Into three pints of hot salted water, when at a fast boil, throw half a cupful of raw rice, previously washed and picked over. Keep it at a furious boil for twenty minutes, when test a grain to see if it is done. If it is soft, drain away every drop of water; set the uncovered pot at the back of the range for two minutes to dry off the rice, and serve. Not a spoon should touch it while cooking, and each grain should be whole and apart from the rest.
This, the one and only way to boil rice properly, is also the easiest. Shake the saucepan up three times while the rice is in cooking, to make sure it does not clog.
Pasty rice is as abhorrent to those who have eaten it cooked according to this recipe as sodden, gluey potatoes.

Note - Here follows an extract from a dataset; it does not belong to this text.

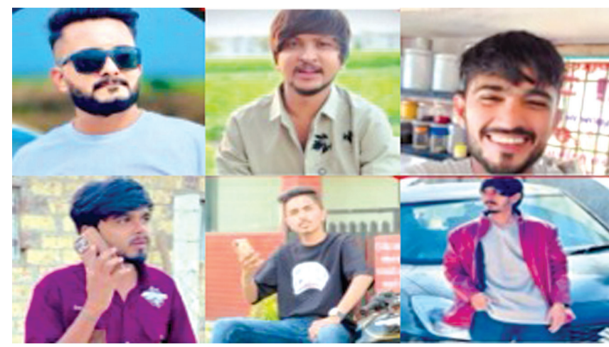
બાપલીયાવ, મારા વાલીડાવ હજુ પણ ચેતી જજો, આવા ધંધા બંધ કરી દેજો...પછી કે'તા નહિ કે અમે પકડાઈ ગ્યા!

રાજકોટ તા. ૨૨ રાજકોટમાં કે આસપાસમાં કલાણી ઢીકણી જગ્યાએ ચાલતા પંજાબી ચાઈનીઝના ધાબા, કાઠીયાવાડી ભોજનાલયો કે પછી બીજા વેપાર-ધંધાઓના સ્થળે પહોંચી તેમના વેપાર ધંધાની આગવી સ્ટાઈલમાં વિડીયો બનાવી જાહેરાત કરતાં સોશિયલ મિડીયા ઈન્ફલુએન્સર પોતાની આવડતથી નીતનવા વિડીયો બનાવી લોકોના વેપાર-ધંધામાં તેજ આવે તેવા પ્રયાસ કરે છે. આવા વિડીયો બનાવી પોતાની આઈડી પર વાયરલ કરવાના ચાઈ પણ તેઓ વસુલે છે અને સાચા રસ્તે કમાણી કરે છે. પરંતુ કેટલાક આવા ઈન્ફલુએન્સર જાહેરાતના નામે ઓનલાઈન જૂગારની એપનો પ્રચાર કરી તગડી કમાણી કરતાં હોવાનું ધ્યાને આવતાં શહેર સાયબર ક્રાઈમ પોલીસે ઝુંબેશ શરૂ કરી શરૂઆતમાં આવા બે ઈન્ફલુએન્સર સામે જૂગારધારાના બે ગુના નોંધી ધરપકડ કર્યા બાદ આવા વધુ છ જણાને પકડી જૂગારધારાનો ગુનો દાખલ કર્યો છે. ઈન્ફલુએન્સર તરીકે કામ કરતાં વધુ છ લોકોને જૂગારની લેબલ લાગી ગયાની કાર્યવાહીની વિગતો પર નજર કરીએ તો સાયબર ક્રાઈમ પોલીસે વધુ છ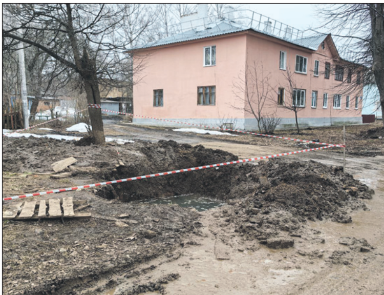
Город Липки. очередной прорыв ветхой трубы.

Serve in a hot, uncovered dish. Eat with butter, salt and pepper, and you will not regret the tyrant potato, should he fail to appear.
Buttered rice
Spread three cups of cold boiled rice upon a platter and set in the open oven that every grain may dry. Meanwhile, heat a little butter in the frying-pan and fry a sliced onion in it. When the slices are browned remove them with a perforated spoon, and lay the rice by the spoonful in the pan. Stir until each grain is coated with the butter; turn the rice into a heated colander, shake hard, and set at the side of the range for five minutes. Serve in a deep vegetable dish.
Rice croquettes
Boil as directed in first recipe; drain, and beat in two whipped eggs, half a cupful of milk (or cream if you have it), a little butter, a teaspoonful of sugar, a little mace, pepper and salt. Set by until perfectly cold, form into croquettes, roll in egg and fine crumbs, leave on ice for an hour and fry in boiling deep cottolene or other fat.
You can make the croquettes of cold boiled rice if you have it, but it is hardly as good for the purpose as the hot. The croquettes seldom have the consistency of those made up while the rice is hot.